SCHD is the Schwab U.S. Dividend Equity ETF, and it asks very little of investors in return for a lot of structure. The fund charges a 0.06% annual expense ratio, which means a $10,000 investment would cost just $6 a year in fees. It also carried a current 3.31% 30-day SEC yield, a figure that keeps it on the radar of income investors looking for a steady payout without a high bill attached.

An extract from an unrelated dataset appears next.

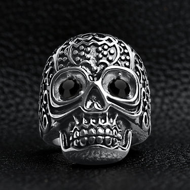 The Black CZ Eyed Detailed Skull Stainless Steel Ring is strong, durable, and doesn't easily break.

The reason SCHD stands out is not just the price. It is a passive ETF that tracks the Dow Jones U.S. Dividend 100 Index, but it does so with a fundamentally weighted process rather than a market-cap-weighted benchmark. That matters because the fund is not simply buying the biggest dividend names and calling it a day. Companies must have paid dividends for at least 10 consecutive years before they even make the starting line, and the surviving stocks are judged on four variables: free cash flow to total debt, return on equity, dividend yield and five-year dividend growth rate. The top 100 companies that clear those screens are the ones that make it in.
The article says SCHD tracks a dividend index that screens companies with at least 10 consecutive years of dividend payments. The portfolio is rebalanced quarterly, and the index is fully reconstituted annually. That structure helps explain why the fund has become popular among Boglehead investors who want a large-cap value and income tilt without having to pick individual stocks. It also fits a broader pattern in the ETF market: advisors and retail investors do not always get the same ETF recommendations, even when they are looking at the same income goal.
There is a catch, and it is one many income investors miss. SCHD’s design benefits from the ETF creation and redemption mechanism, which helps keep the fund efficient as money moves in and out. It also avoids REIT-heavy exposure that can reduce dividend tax efficiency. That combination makes the fund more than a simple yield play. It is a rules-based portfolio built to reward consistency, not just headline income, and the annual and quarterly review cycle is what keeps those rules from drifting too far from the original idea.
For investors deciding whether SCHD fits their portfolio, the real story is not the fee alone, or even the yield. It is the way the index filters for quality, durability and dividend growth before a stock ever reaches the fund. In a market full of products that promise income, SCHD’s discipline is the point.